**COLLECTED MATERIAL**
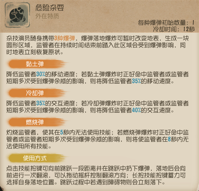 杂技演员每局最多可拥有6个爆弹,当爆弹消耗完之后不能更换成其他道具,所以要谨慎使用。切换爆弹时会有一个切换的动作,所以在切换爆弹时无法通过祭司的【门之钥】,在治疗队友的过程中切换爆弹会中断治疗过程,但是破译密码机或坐上狂欢之椅后切换爆弹不会有切换动作。
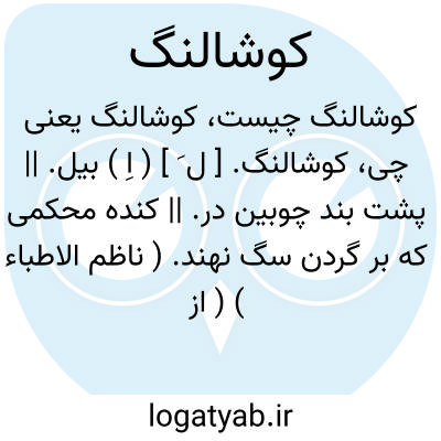 کوشالنگ. [ ل َ ] ( اِ ) بیل. || پشت بند چوبین در. || کنده محکمی که بر گردن سگ نهند. ( ناظم الاطباء ) ( از اشتینگاس ). || منجنیق. ( ناظم الاطباء ). || ( ص ) مرد گول و نادان. || خروس کلان. ( ناظم الاطباء ) ( از اشتینگاس ).
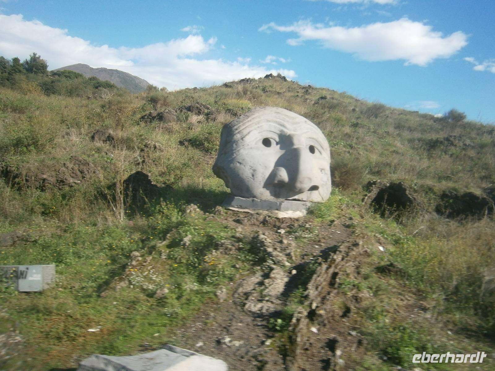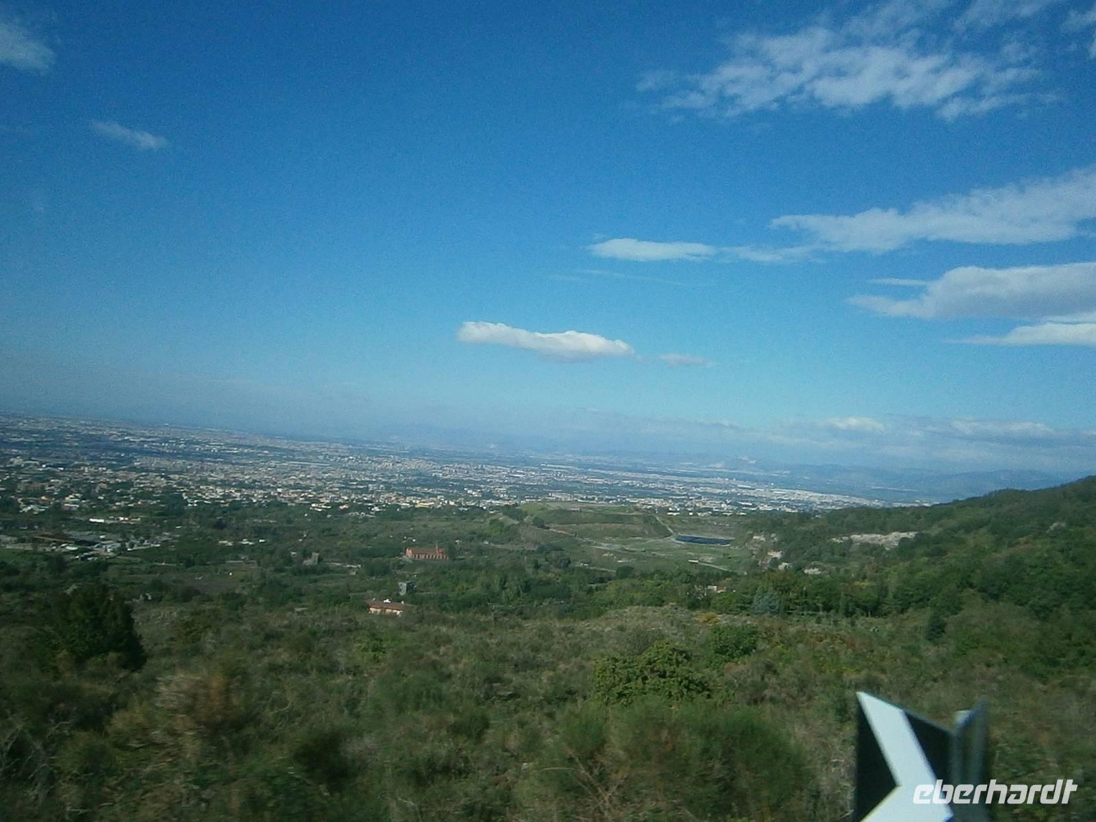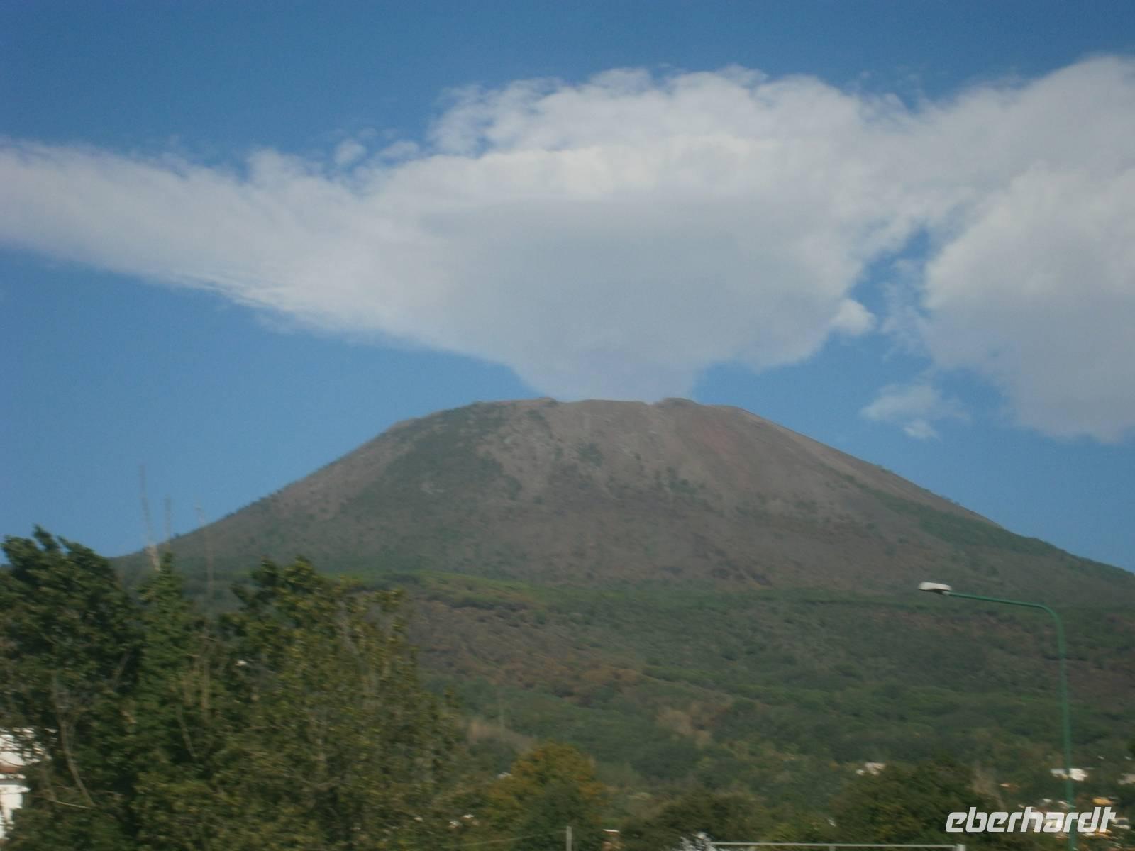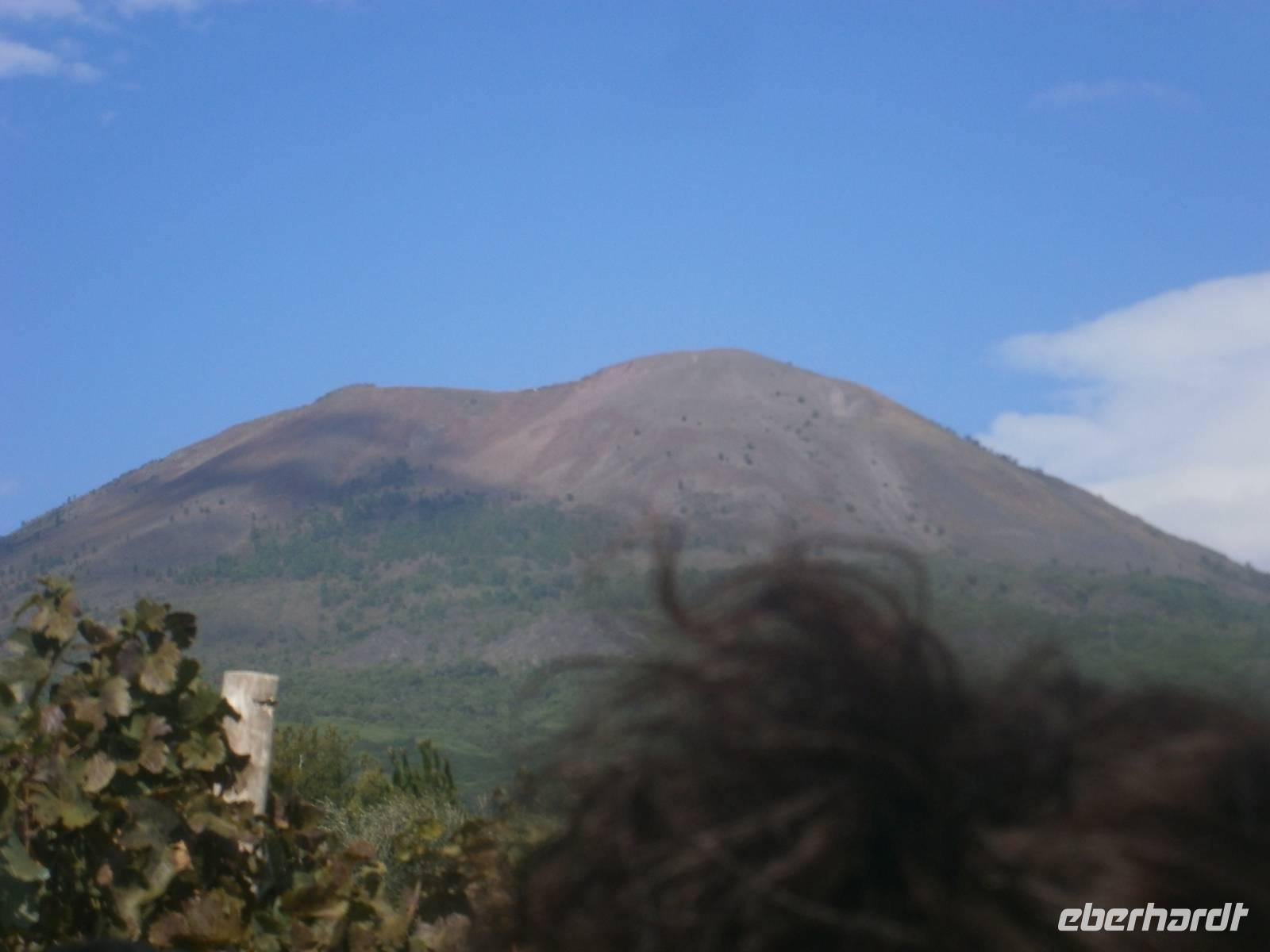 Eigentlich wollten wir an diesem Nachmittag bis zum Kraterrand empor steigen, doch leider macht uns der Wind einen Strich durch unsere Planung. Der Aufstieg ist an diesem Nachmittag aus Sicherheitsgründen gesperrt. Trotzdem haben wir ein imposantes Panorama auf den Golf von Neapel und auf die eindrucksvolle Landschaft - gebildet durch erkaltete Lavaströme.

**WORK INSTRUCTIONS**
Starting with the first line of the data, transcribe every line exactly through the one containing "کوشالنگ. [ ل". No pictures go in.

**FINAL ANSWER**
 杂技演员每局最多可拥有6个爆弹,当爆弹消耗完之后不能更换成其他道具,所以要谨慎使用。切换爆弹时会有一个切换的动作,所以在切换爆弹时无法通过祭司的【门之钥】,在治疗队友的过程中切换爆弹会中断治疗过程,但是破译密码机或坐上狂欢之椅后切换爆弹不会有切换动作。
 کوشالنگ. [ ل َ ] ( اِ ) بیل. || پشت بند چوبین در. || کنده محکمی که بر گردن سگ نهند. ( ناظم الاطباء ) ( از اشتینگاس ). || منجنیق. ( ناظم الاطباء ). || ( ص ) مرد گول و نادان. || خروس کلان. ( ناظم الاطباء ) ( از اشتینگاس ).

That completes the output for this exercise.